From the Guidelines
Jardiance is contraindicated in patients with a history of diabetic ketoacidosis (DKA) due to the increased risk of recurrent DKA episodes. According to the 2020 expert consensus decision pathway on novel therapies for cardiovascular risk reduction in patients with type 2 diabetes, a history of diabetic ketoacidosis is a consideration that may prompt caution or avoidance of SGLT2 inhibitors, such as Jardiance 1. Patients who have previously experienced DKA should not be prescribed this medication due to the potential for increased ketone production and reduced insulin levels, which can trigger ketoacidosis.
Key considerations for patients with a history of DKA include:
- Increased risk of recurrent DKA episodes
- Potential for underlying insulin deficiency or metabolic vulnerabilities
- Need for careful medication selection based on individual risk factors and medical history
- Alternative diabetes medications such as metformin, GLP-1 receptor agonists, DPP-4 inhibitors, or insulin therapy may be more suitable for these patients.
Healthcare providers should exercise caution when prescribing medications to patients with a history of DKA, and consider the potential risks and benefits of each medication option, as recommended by the American College of Cardiology solution set oversight committee 1.
From the FDA Drug Label
JARDIANCE is not recommended for patients with type 1 diabetes or for the treatment of diabetic ketoacidosis. Reports of ketoacidosis, a serious life-threatening condition requiring urgent hospitalization have been identified in postmarketing surveillance in patients with type 1 and type 2 diabetes mellitus receiving sodium glucose co-transporter-2 (SGLT2) inhibitors, including JARDIANCE.
Jardiance is not contraindicated in a patient with a history of DKA, but it is not recommended for the treatment of diabetic ketoacidosis 2.
From the Research
Jardiance Contraindication in Patients with History of DKA
- Jardiance, also known as empagliflozin, is a sodium-glucose cotransporter 2 (SGLT2) inhibitor used to treat type 2 diabetes mellitus.
- The use of SGLT2 inhibitors, including empagliflozin, has been associated with an increased risk of diabetic ketoacidosis (DKA) and euglycemic DKA 3, 4, 5.
- DKA is a life-threatening complication of diabetes that can occur in patients of all ages, and its diagnosis is traditionally based on the triad of hyperglycemia, metabolic acidosis, and elevated serum or urine ketones 4.

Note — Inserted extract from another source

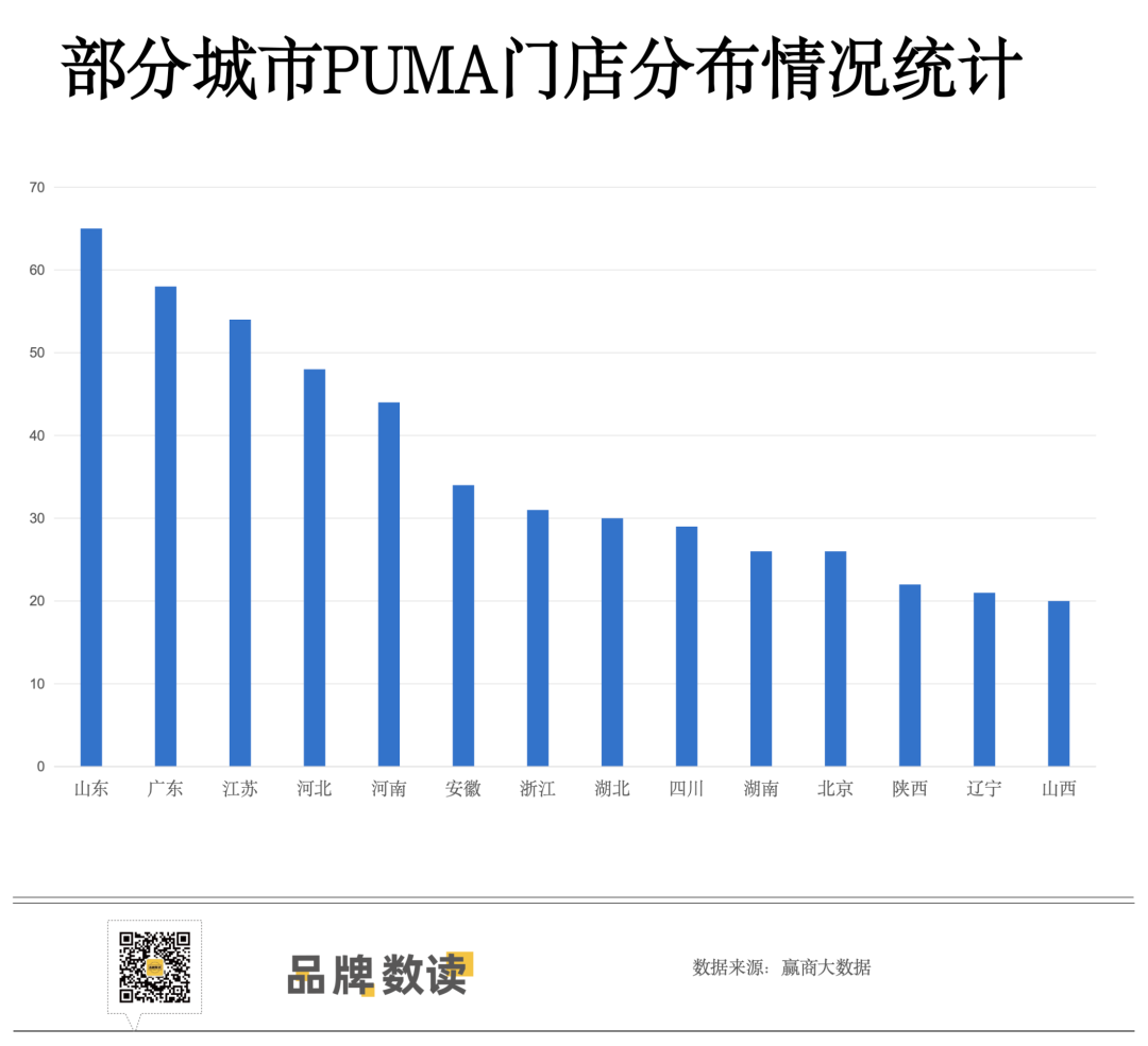 根据赢商大数据统计,目前品牌在中国市场购物中心门店数量约646家(不含PUMA kids和PUMA select),其中店铺分布最多的省份是山东,其次是广东和江苏,门店数量均超50家。品牌也从去年起以中国市场为主阵地进行渠道创新,落地不同类型门店。

- However, the increasing incidence of euglycemic DKA has led to a de-emphasis on hyperglycemia in recent guidelines, and the use of SGLT2 inhibitors has been identified as a risk factor for this condition 4, 6.
- A meta-analysis of randomized controlled trials found no significant increase in the risk of ketoacidosis associated with SGLT2 inhibitors as a class, but individual studies have reported cases of DKA and euglycemic DKA in patients treated with empagliflozin 7, 3, 5.
- The treatment of DKA involves fluid and electrolyte replacement, insulin, and close monitoring to adjust therapy and identify complications, and prevention strategies include identifying diabetes before DKA develops and educating patients to manage high-risk situations 4.
- In patients with a history of DKA, the use of SGLT2 inhibitors, including empagliflozin, should be approached with caution, and careful monitoring of serum glucose, ketones, and acid-base status is recommended to prevent and diagnose DKA and euglycemic DKA 3, 4, 6.